But what does all that high-level frontier-breaking work look like from the only point of view that matters: That of a system administrator?

The computing challenge they face is that the experiments they perform reconstruct tracks from digital images, which takes a lot of computing power. Then they analyze millions of these pictures. This generates lots of data, which is reduced by online computers to 100-1000 megabytes per second. The current forecast is that this will require 23-25 PetaBytes per year. The archive will need to store 0.1 EB in 2014, and approximately 1 billion files in 2015. The data is distributed worldwide. I could go on.

There are cross-site issues. There are short-term logs and long-term archives. The long-term archive contains 2 trillion records and is growing by 4 billion a day. They need to be able to support twice the apparent data needs for recovery purposes. That's a lot of stuff to manage.

They do all of this with an Oracle RAC system configured with application scalability. They use CVMFS (CernVM-FS), a caching file system. They have had various operational issues, and frequent hardware failures -- there are so many systems in the worldwide grid that disks are failing every hour. Infrastructure failures are a fact of life. But they have 98% reliability, and even if a job fails it gets retried.

Mr. Cass discussed some of the problems they have had, and some features of the system they developed that haven't worked out well. He also discussed his hopes for how things might change so that file sizes, file placement policies, and access patterns will interact better. He has hopes for sharing images between sites, using more of a cloud computing model.

The project has been long and technically and sociologically challenging, but on the whole successful. Now that they have real data they feel they can improve the system.

What do I take from this? Nothing specific for my work, except the general idea that as data needs grow larger and larger the models of sharing data (and providing backup) across networks could gain traction. Interoperability becomes more key than ever.

* Storage Performance Management at Weta Digital
Matt Provost

Weta Digital is the movie special effects production company in New Zealand that did the production for the Lord of the Rings Trilogy and Avatar. So, given the glamor and appeal of movie-making, and all of the amazing things and insider dope you might learn from people who work for this company, what would you say is the most interesting topic a representative from this company could address? Why, storage management of course.

Interesting facts for sysadmins that will probably never make it as line-items on Entertainment Tonight:

* Weta Digital is one of the biggest visual effect facilities in the world, and they use mostly commercial off-the-shelf software.

* They must run the same operating system everywhere, since processing is done on a small scale (by individual artists) and rendering is done on a huge scale. You cannot have kernel and software incompatibility.

* There is an iterative workline: People work all day, and their work needs to be rendered overnight (and needs to be done by morning). So the computing needs require a mixture of high-performanceand high-availability.
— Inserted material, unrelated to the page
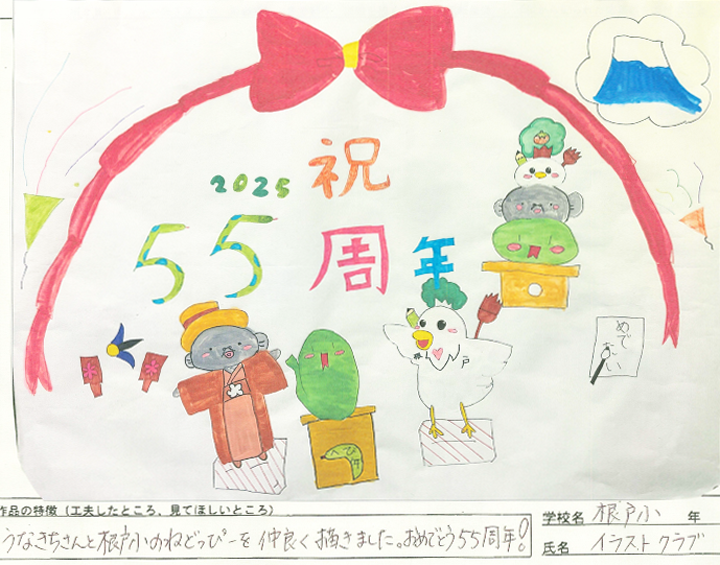 くす玉が開き、お正月の明るい雰囲気が伝わってくる作品ですね。うなきちさんと根戸小のキャラクター「ねどっピー」が仲良しで、温かな感じがあり、「イラストクラブ」の人たちの頑張りが表れています。今年もみんなで頑張ることができるといいですね。

* Disk usage over time: Fellowship of the Ring - 2 TB. Lord of the Rings -- ten times as much. Avatar -- 900 TB. 3D of course adds tremendously to the amount of storage you need.

* For Lord of the Rings, they used a giant SGI system for the "rendering wall". Now they run in parallel on commodity hardware. There was a tremendous spike in purchase to get through Avatar.

* The systems at Weta Digital have free cooling because of Wellington's climate. New Zealand is a small country, this is a big computer, so New Zealand has the highest peak gigaflops per capita in the world.

* The media compression between a film in a theater and Blu-Ray is huge -- and DVDs are even smaller. The block diagram showed a skyscraper for amount of data on a film compared to a small building for Blu-Ray compared to a line for DVD. The best way to see this is still in the cinema. "Don't make me waste all this disk."

* Avatar took 56 million render hours to produce. That's 6400 years, done in parallel.

How do they do it? With a disk space management system, a file system called linkfarm, which is just directories and symlinks. You can't really use a true parallel file system, since that would require striping files across multiple file system which they cannot do.

* Parallel file systems are metadata heavy, and require space to be reserved for the metadata; this would get huge for a project like Avatar.

* Their requirements involve lots of small files, with not a lot of big files. For a parallel file system striping across multiple files, you have to pick a stripe size. When your files are tiny, this doesn't buy you much.

* Their files can be snapshotted and backed up onto tape. How fast is a restore from tape vs. fsck? In some cases it is better to restore from tape.

* They can move directories around by moving the symlink, and applications don't need to know about it. They watch the atimes on files to decide when to move to tape, at which point they copy thedirectory to a new file system and do rsyncs on a five second delay to see if anything changes. If it changes that means it is in use and they bail out. If nothing changes they update the symlink and delete the original. But it is important to keep inactive files off the disk because it can take months to empty the disks at the end of a project and you can't get it all off in time for the next project.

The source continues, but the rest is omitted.